Michelle DiEmanuele, OOnt is a Canadian executive and civil servant who currently serves as Secretary of the Cabinet and Clerk of the Executive Council for the government of Ontario.

Career 
She graduated with a bachelor's degree in political science from the University of Waterloo in 1987. In 1994, she graduated from the University of Toronto with a master's degree in political science. 

From 2004 to 2008, she served as a deputy minister for the government of Ontario under Premier Dalton McGuinty. In April 2007, she was named the interim head of the Ontario Lottery and Gaming Corporation. That year, she was named among the Top 100 most powerful women in Canada by The Globe And Mail.

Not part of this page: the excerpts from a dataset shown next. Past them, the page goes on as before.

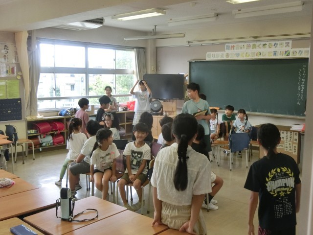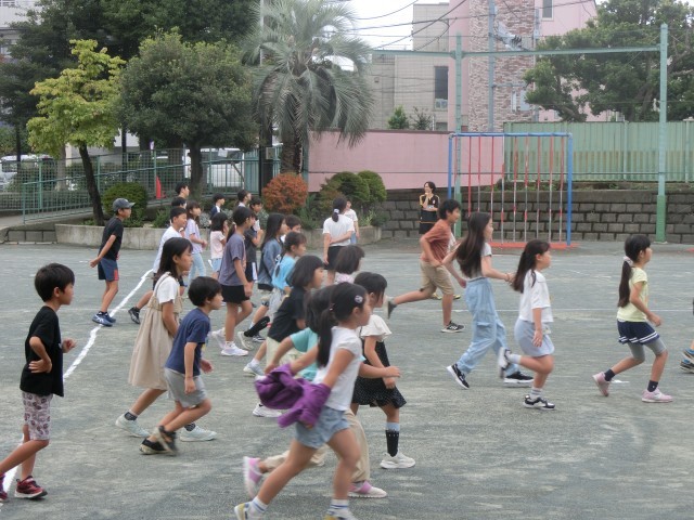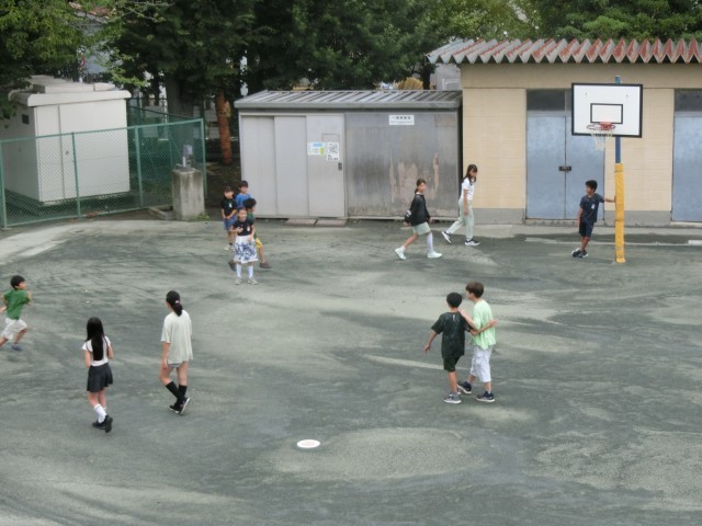 今日の朝は、たて割り班遊びの日です。前日の大雨の影響で校庭が心配でしたが、本校のグラウンドは大変水はけがよく、周りの部分以外はコンディションも回復していたので、無事活動を行うことができました。久しぶりに涼しさを感じる中での活動となりました!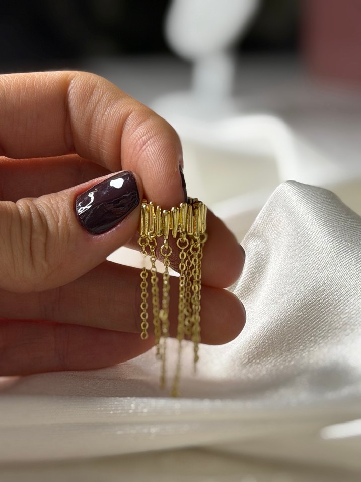 Zincir detaylı mini altın küpe, parlak yüzey ve nakış deseniyle. Günlük kullanım için minimalist ve bohem tarzda.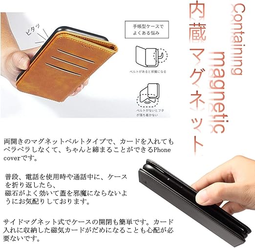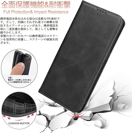 ①【上質な素材】外部は上質な合皮レザー素材を採用しており、放熱性が良く、傷や埃を防ぐことができます、滑りにくく、指紋、油分などもつきにくく。インナーケースは弾力性の柔軟黒TPU素材を採用しており、角までしっかり保護できるケースです、柔軟性があり本体への装着脱着も簡単です。衝撃吸収機能あり、しっかりの二重保護でお携帯を守り抜きます。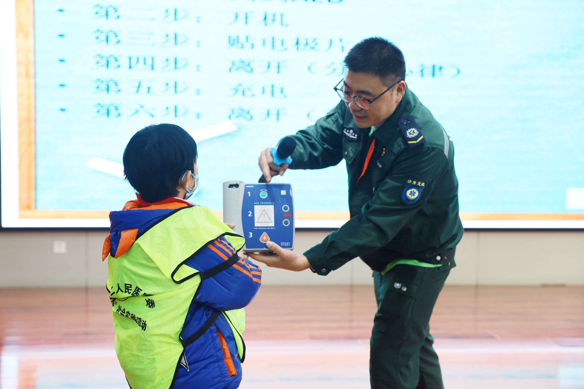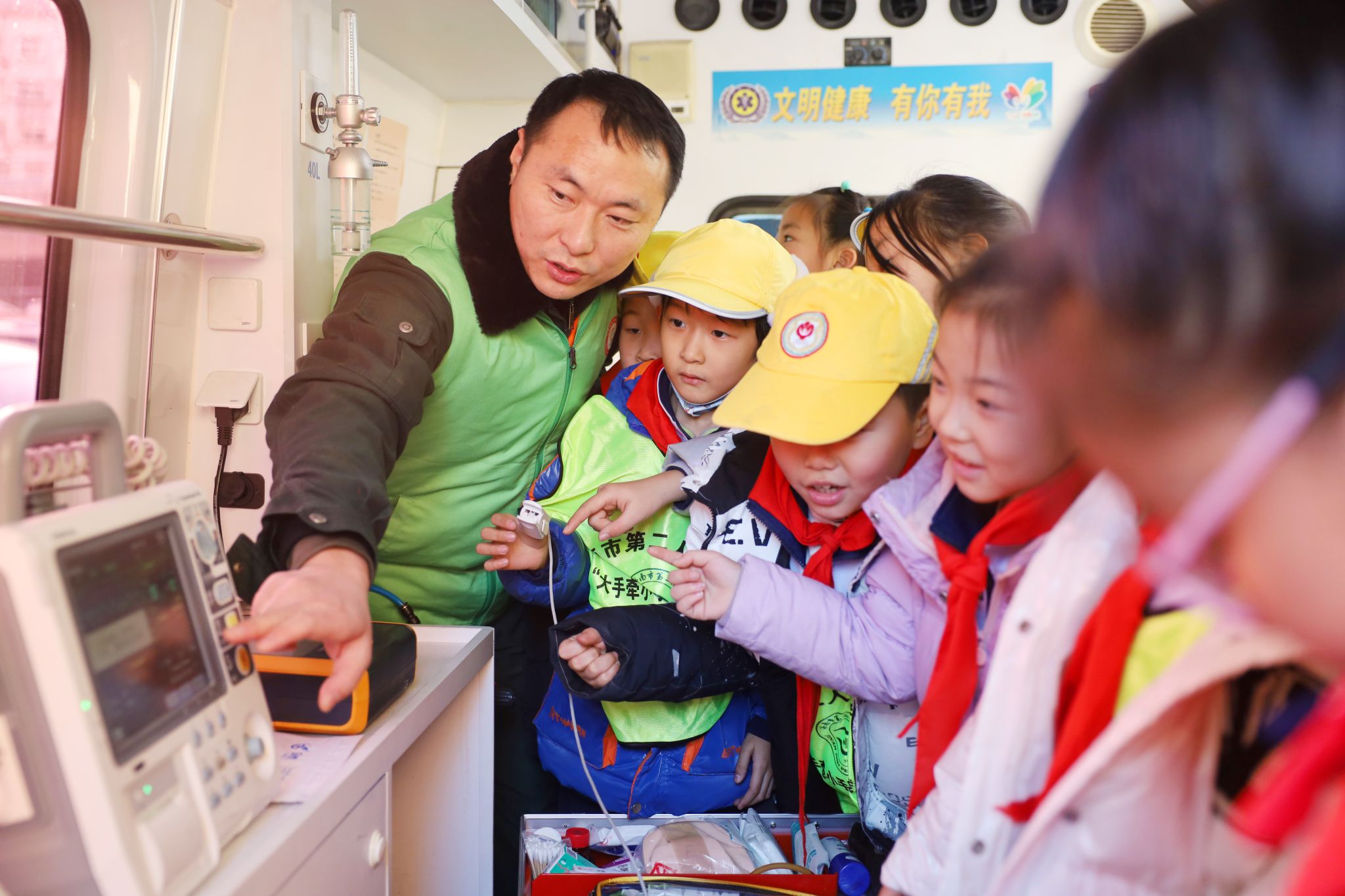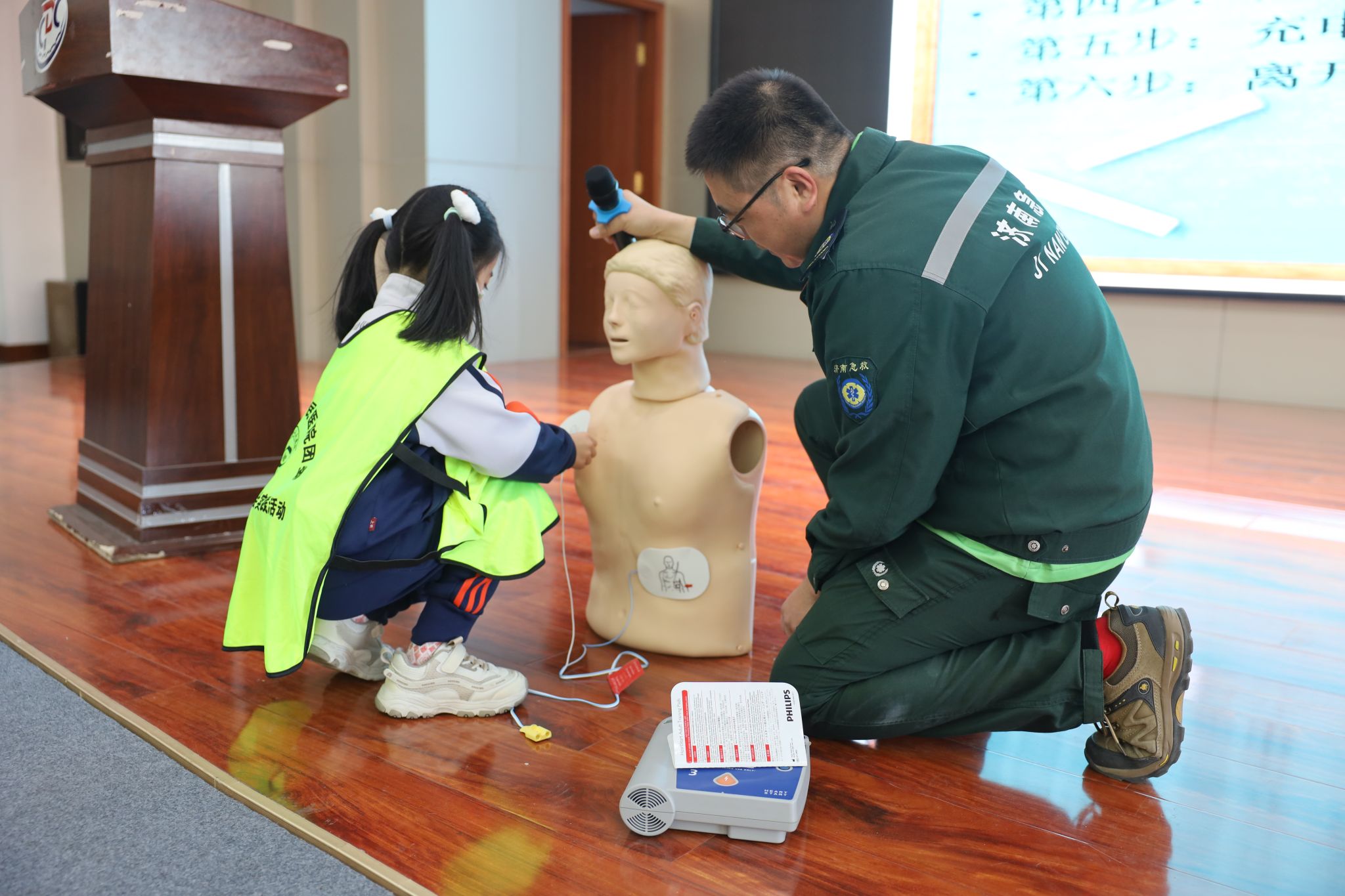 )携手济南市急救中心开展“大手牵小手 小手拉大手”志愿服务活动,来自天桥区枫景小学的130余位学生及家长,怀揣着对医学的好奇与向往,通过“教、学、做”开启了一段沉浸式医学体验。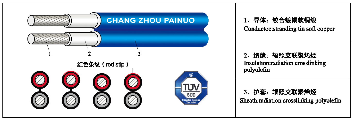 印字 MARKING PV1-F 2*()mm2 CHANG ZHOU PAINUO ELECTRON CO.,LTD. TÜV SÜD approved VDE-AR-E 2283-4:2011-10 |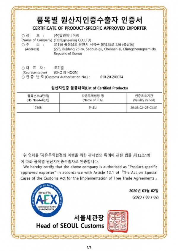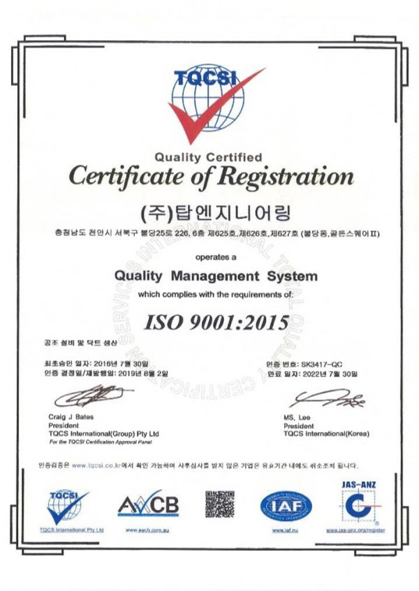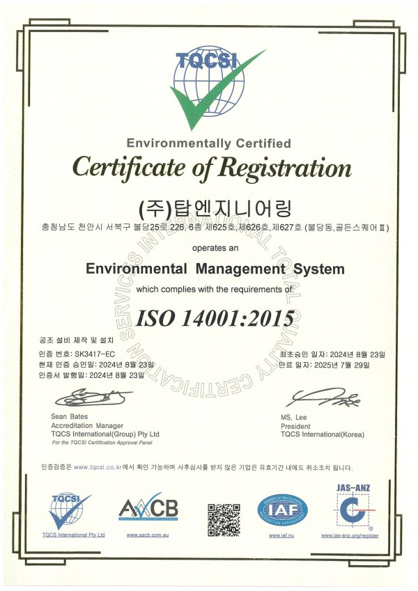 회사명 (주)탑엔지니어링 대표자명 조기훈 본사 충남 천안시 서북구 불당25로 226, 6층 625호 (골든스퀘어2) 공장 충남 아산시 음봉면 월산로 214-3 사업자 등록번호 312-86-65458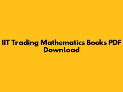IIT Trading Mathematics Books PDF Download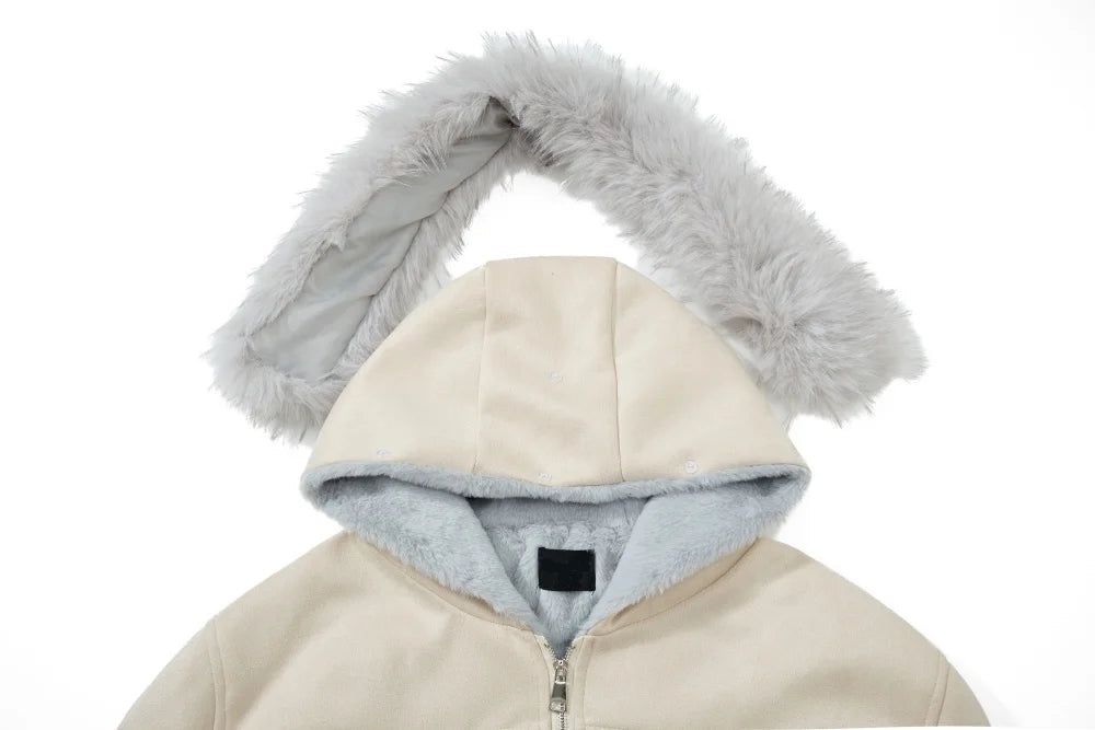 Built for everyday wear, the jacket features a practical multi-pocket layout and a full zip closure. The removable fur hood allows you to switch between a clean street look and a more elevated winter style. Whether styled with baggy denim or cargo pants, this piece fits naturally into a modern Y2K wardrobe.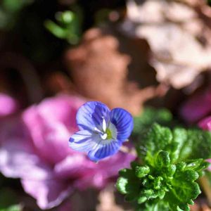 近所のプロムナードにて オオイヌノフグリ たくさん咲いて珍しくないけど、この青さはやっぱり素敵です。バックは落ち葉と小鳥が落とした梅の花です☘️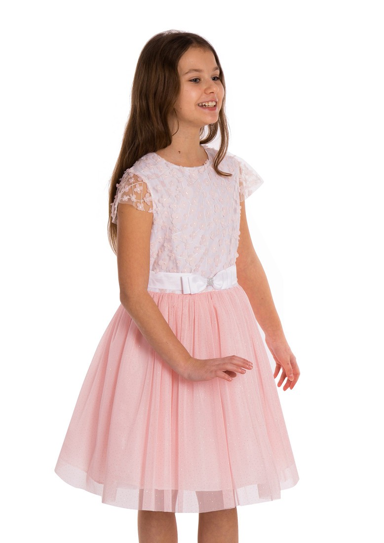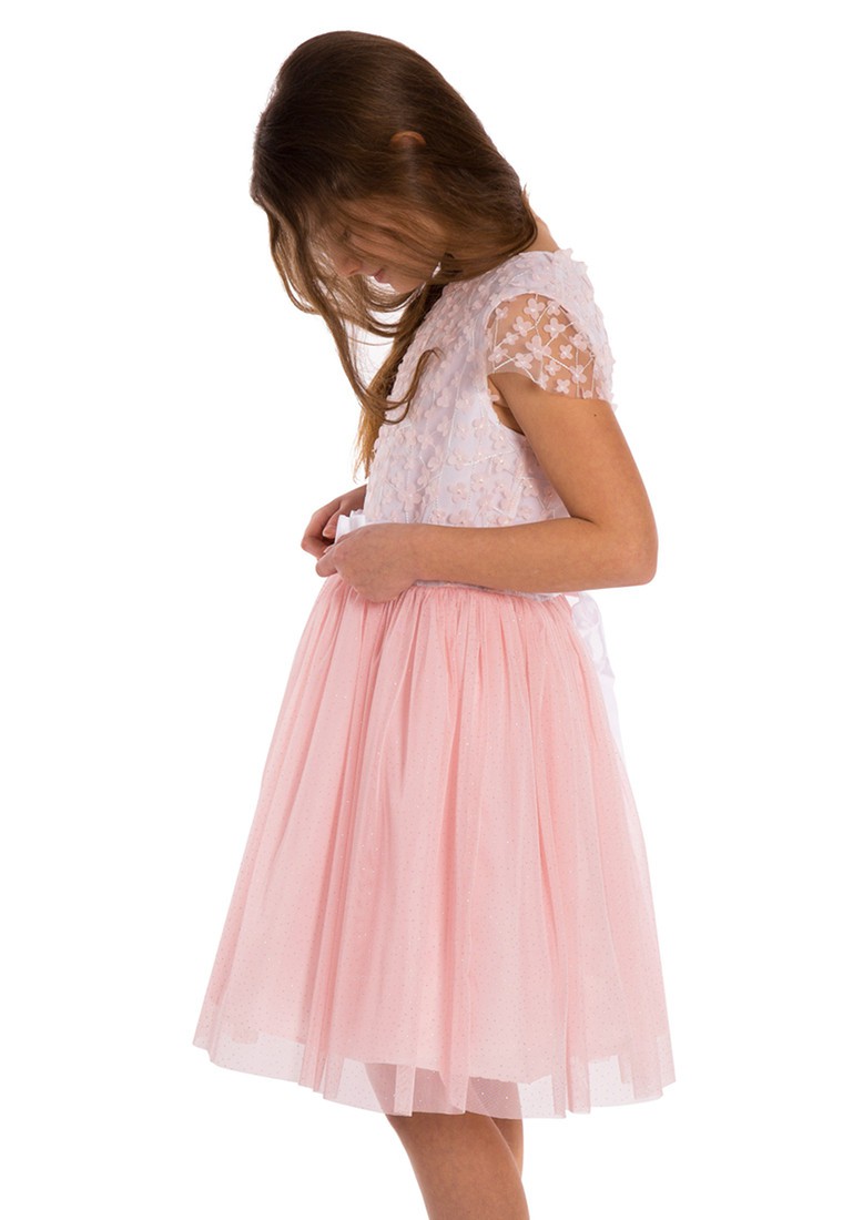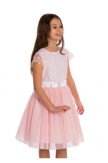 MA115 Dziewczęca sukienka tiulowa - pudrowy róż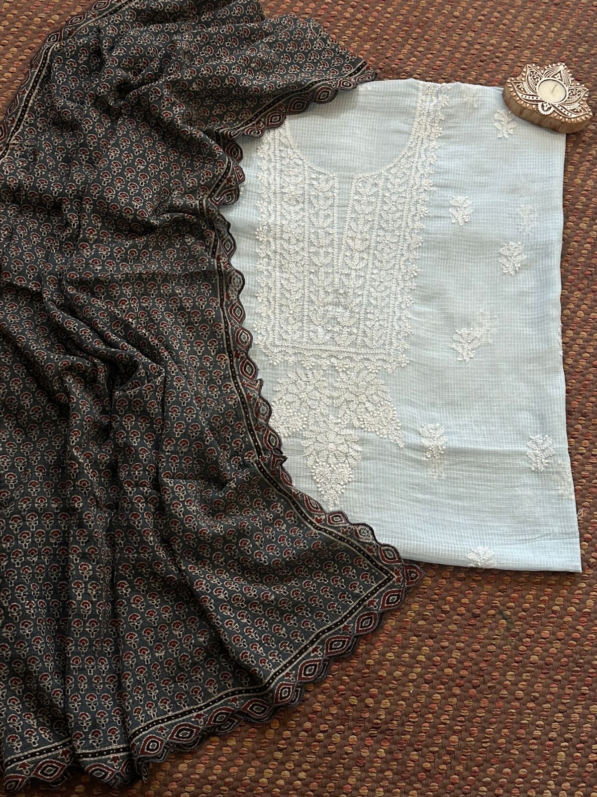 Pastel Blue Chikankari Hand Embroidered Fabric with Ajrak Hadblocked Kota Dupatta - chikankari hand embroidered unstitched set

After leaving her role in the government, she became president of the Credit Valley Hospital in August 2008. She later became president of Trillium Health Partners after Credit Valley merged with the Trillium Health Centre.

In 2012, she was awarded a Queen Elizabeth II Diamond Jubilee Medal.

In 2016, she was included in a Toronto Police Service task force on modernising the service.

In 2020, she was appointed to the Order of Ontario.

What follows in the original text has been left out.